The film, available on iTunes, Amazon, and YouTube, seems the "kickstart" to Morris' and Evers' mark on modern technology. They've since worked together on four feature screenplays, adapted a book, and produced the 3D short Blood Oranges, all the while developing Parked 3D.
"We want independent films and TV shows to have that same opportunity to reach the public," Morris said.
And they want those shows to be 2D- and 3D-compatible, simply viewer-friendly.
"The idea is to create a place where viewers can go that has no commercials, no distractions; it's just content that they want to watch and some of the bonus features," Morris said. "You've already paid for the show, so why should you have to watch ads?"
Enters Parked 3D, projected as a 50-minute-per-episode, 15-episode TV series free of commercials. Viewers will be able to access it through their smart phones, iPads, TVs, Xbox, laptops, and all other video devices.
Depending on Kickstarter pledges, which range from 99 cents to $10,000, users can view and access the pilot episode, interviews with cast and crew, mini games, and Facebook and Twitter integration.
"They're technically donating, but they get gifts in return," Morris said. "We want people to realize that they're important to us, and by supporting this campaign, they're helping us, too."
Ideas for Parked 3D stem from both producers' experiences. Troy, the show's main character who returns from L.A. to a Washington theme park after his father dies of a heart attack, discovers the mystery of the life he left behind. Though his father is still alive, and doesn't run a theme park, Morris stitched his story -- how his and his father's relationship changed when he moved to L.A. -- into the show's plot.
"I want to take people through that journey," Morris said. "It's something everyone has to go through, really learning who their dad is."
When Evers moved to L.A. after high school, he worked at Universal Studios, where he learned the intricacies of a theme park.
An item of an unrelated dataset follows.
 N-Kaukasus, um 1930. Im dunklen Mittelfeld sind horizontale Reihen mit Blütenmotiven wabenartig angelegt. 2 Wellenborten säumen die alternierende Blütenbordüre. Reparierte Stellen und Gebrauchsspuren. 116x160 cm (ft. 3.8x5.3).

From pushing the "Go" button for the ride to running it in its entirety, Evers discovered theme-park living.
"It's really incredibly fascinating; there are so many bells and whistles and little trinkets, it's really exciting to share that with everyone," he said. "I think they'll be entertained."
The duo plans to produce four seasons of Parked 3D. Michael Piccirilli (Troy) and Samantha Lockwood (his girlfriend Larissa) play the show's main roles, while Carol Ann Susi of the popular CBS show The Big Bang Theory will play Tina, a bartender with the hots for Troy.
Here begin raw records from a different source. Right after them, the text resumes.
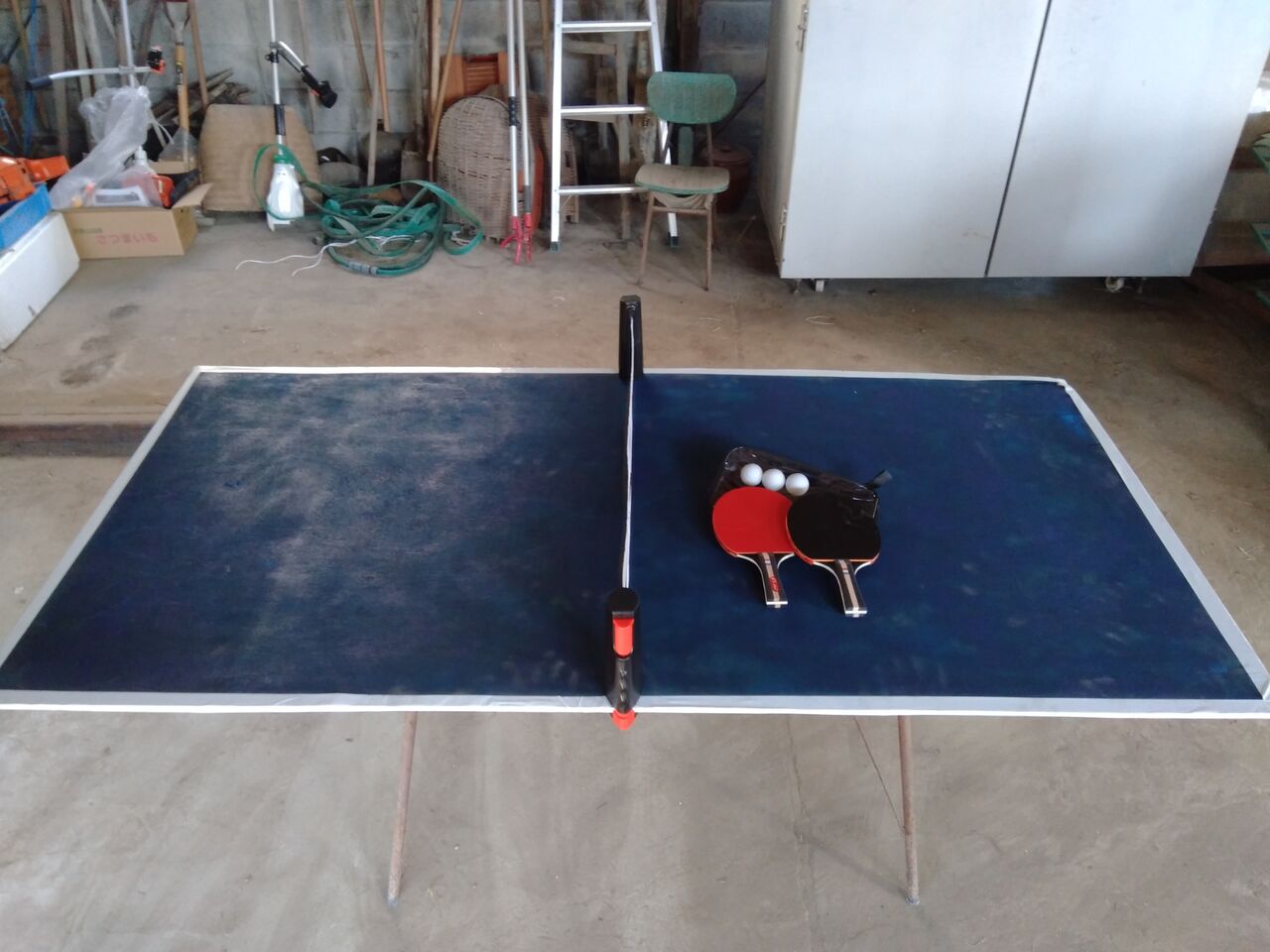 (コンパネで卓球台を作った。)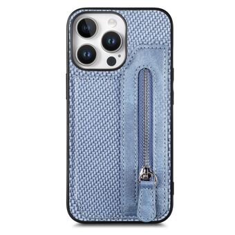 Για iPhone 16 Pro Carbon Fiber οριζόντια Flip φερμουάρ πορτοφόλι υπόθεση τηλέφωνο (μπλε)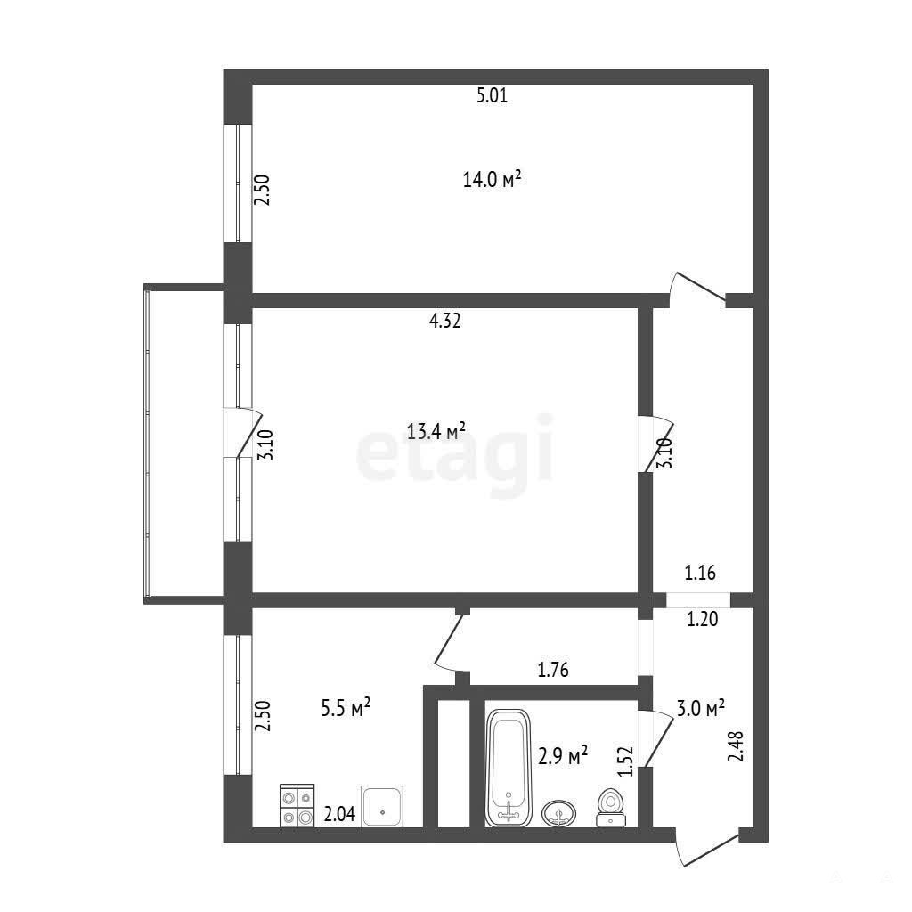 Жилая площaдь: 2 кoмнаты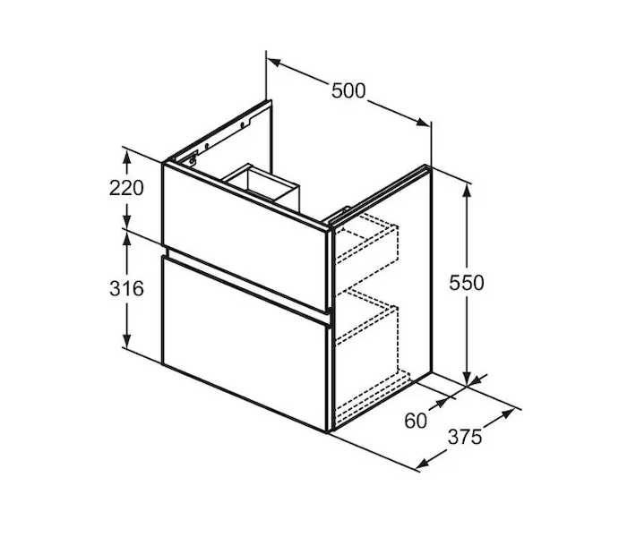 Ideal Standard Finesse - Umyvadlová skříňka, 50x38x55 cm, 2 zásuvky, matná bílá E3378Y1 Obvykle 1-2 měsíce |

Though the script has received interest from major TV networks, Morris and Evers want to keep it how it is. App-based TV is where it's at.
"Pretty much anything with a video device will probably have apps on it," Evers said. "You'll be able to access it across all platforms."
Times have changed since the two left McKinney not even eight years ago. App-based TV is next in line. And they're ready.
"It allows people to basically customize their cable," Morris said. "It enables viewers to access the content they want to watch, nothing else."